Edward I. and his Queen were fond of music and encouraged musicians, as the following entries in their accounts of the household expenditures show:
"To Melioro, the harper of Sir John Mantravers, for playing on the harp when the king was bled, twenty shillings; likewise to Walter Luvel, the harper of Chichester, whom the King found playing on his harp before the tomb of St. Richard at Chichester Cathedral, six shillings and eight pence."
Henry V. was a performer on the harp at an early age, and his wife, Catherine of Valois, shared his taste, as an entry in the Issue Rolls reads:
"By the hands of William Menston was paid £8 13s 4d, for two new harps purchased for King Henry and Queen Catherine."

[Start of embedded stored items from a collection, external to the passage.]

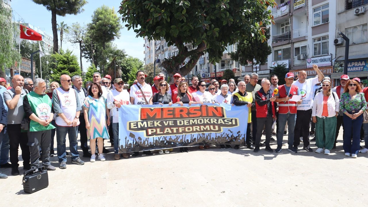 Mersin Emek ve Demokrasi Platformu, Özgür Çocuk Parkı’nda düzenlediği basın açıklamasında Mersinlilere 1 Mayıs Emek ve Dayanışma Günü’nde Cumhuriyet Meydanı’nda düzenlenecek olan kutlamalara katılım çağrısında bulundu. Basın Açıklamasında konuşan Mersin Emek ve Demokrasi Platformu Dönem Sözcüsü Tümtis Şube Başkanı Savaş Gürkan, bu ülkenin işçileri, kamu emekçileri, meslek sahipleri, emeklileri, işsizleri, yoksulları olarak, tüm dünya emekçileriyle birlikte 1 Mayıs’ta Cumhuriyet Meydanı’nda, emeğin bayramını kutlayacaklarını söyledi.
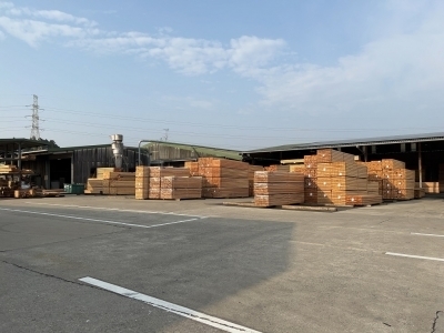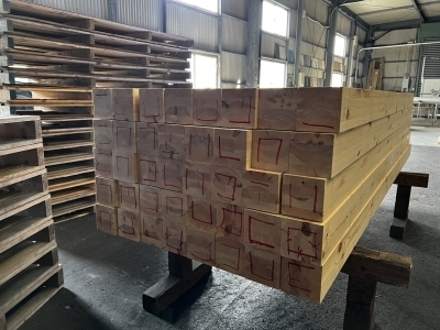 現場にて基礎工事が進む中、製材工場にて構造材の「番付」を行いました。
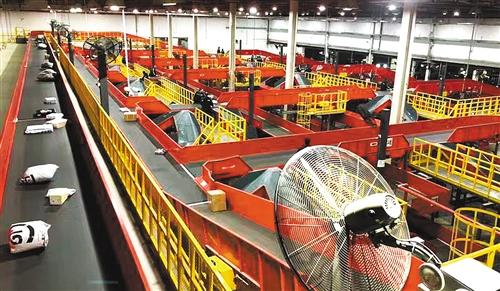 上圖 順豐速運(yùn)采用雙層自動分揀系統(tǒng),大大提高電子單識別效率。
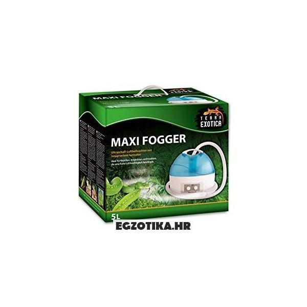Terra Exotica Maxi Fogger idealan je za vrste koje zahtijevaju visoku vlagu u terariju. Posebno životinje iz tropske kišne šume trebaju visoku vlažnost. Terra Exotica Maxi Fogger također ima ionizator koji smanjuje rast bakterija i stoga može spriječiti bakterijske infekcije. Uređaj je karakteriziran visokim performansama, koji može istovremeno ovlaživati nekoliko terarija s odgovarajućom vlagom. Maxi Fogger djeluje izvan terarija i time izbjegava izravni kontakt sa životinjom. Automatska sigurnosna bravica se uključuje kada više nema vode u spremniku. Izlaz količine magle je kontroliran od strane kontrolera i može se prilagoditi potrebama svake životinje.

These harps were tuned with a key like the more modern instruments, and the player improvised his words to suit the taste of the company in which he found himself. Harpists were employed much at courts, and in 1666 Pepys says that for want of pay to the household—
—"many of the musique are ready to starve, they being five years behind hand for wages; nay, Evens, the famous man upon the Harp, having not his equal in the world, did the other day die for mere want, and was fain to be buried at the almes of the parish, and carried to his grave in the dark at night without one linke, but that Mr. Hingston met it by chance, and did give 12d. to buy two or three links."
At the present day, though at no instrument does a graceful woman look more graceful, solo performers are very rare; but in the orchestra the harp has an important place on account of its tone, such composers as Gounod, Berlioz, Liszt, and Wagner using it freely in their scores. In this country there are only occasional references in the old papers to it, and an advertisement by Signor Pucci in 1815 that he gives concerts on the "Fashionable and much admired King David's Pedal Harp", seems to be an effort to introduce it to the notice of music-lovers of the day.
Figure 91. GEIB PIANO.
Madame Malibran, who achieved such a success in opera in New York about 1825, used to accompany herself on the harp when she sang in response to an encore. But it can never be considered a popular instrument.